Summary: Schema-Guided Reasoning (SGR) is a structured prompting technique that uses predefined schemas (via Structured Output) to guide large language models through explicit reasoning workflows, encoding expert cognitive processes directly into inference.

This is a pattern to prompt LLMs by defining explicit reasoning workflows using typed output schemas. This uses Structured Outputs/Constrained Decoding, so I used to refer to that as SO CoT or Custom Chain of Thought in the past.

Instead of relying only on loose instructions, we encode exactly how the model should approach a complex task, including preliminary analysis, checks, and supporting evidence - essentially translating domain expert’s mental checklist into a structured schema.

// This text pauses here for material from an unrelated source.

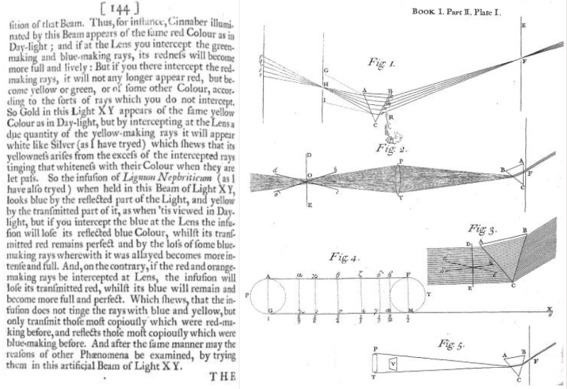 뉴턴의 "Opticks"에서 발췌된 것으로, 뉴턴의 프리즘 실험과 관련된 그림 및 설명이 포함되어 있습니다. 여기에는 빛의 분산과 색의 본질에 대한 뉴턴의 연구 내용이 포함되어 있습니다. 뉴턴의 광학 실험과 관련된 여러 가지 그림이 포함되어 있으며 내용은 아래와 같습니다.

2025-07-23-schema-guided-reasoning-sgr.png

By enforcing strict schema structures, we ensure predictable and auditable reasoning, gain fine-grained control over inference quality, and easily validate intermediate results against test data.

In other words, via the structure we can control the layout of the response. This allows us to break tasks into smaller steps, while ensuring mandatory checkpoints.

Here are some benefits:

  • Reproducible reasoning - we guarantee more consistent inference across repeated runs.
  • Auditable - SGR makes every reasoning step explicit and inspectable.
  • Debuggable & Testable - intermediate outputs can be directly evaluated and improved (they are linkable to test datasets with evals)
  • We can translate expert knowledge into executable prompts. DDD works really well here.
  • Enhances both reasoning transparency and output reliability. Accuracy boost of 5-10% is not uncommon.
  • This improves reasoning capabilities of weaker local models, making them more applicable in various workloads.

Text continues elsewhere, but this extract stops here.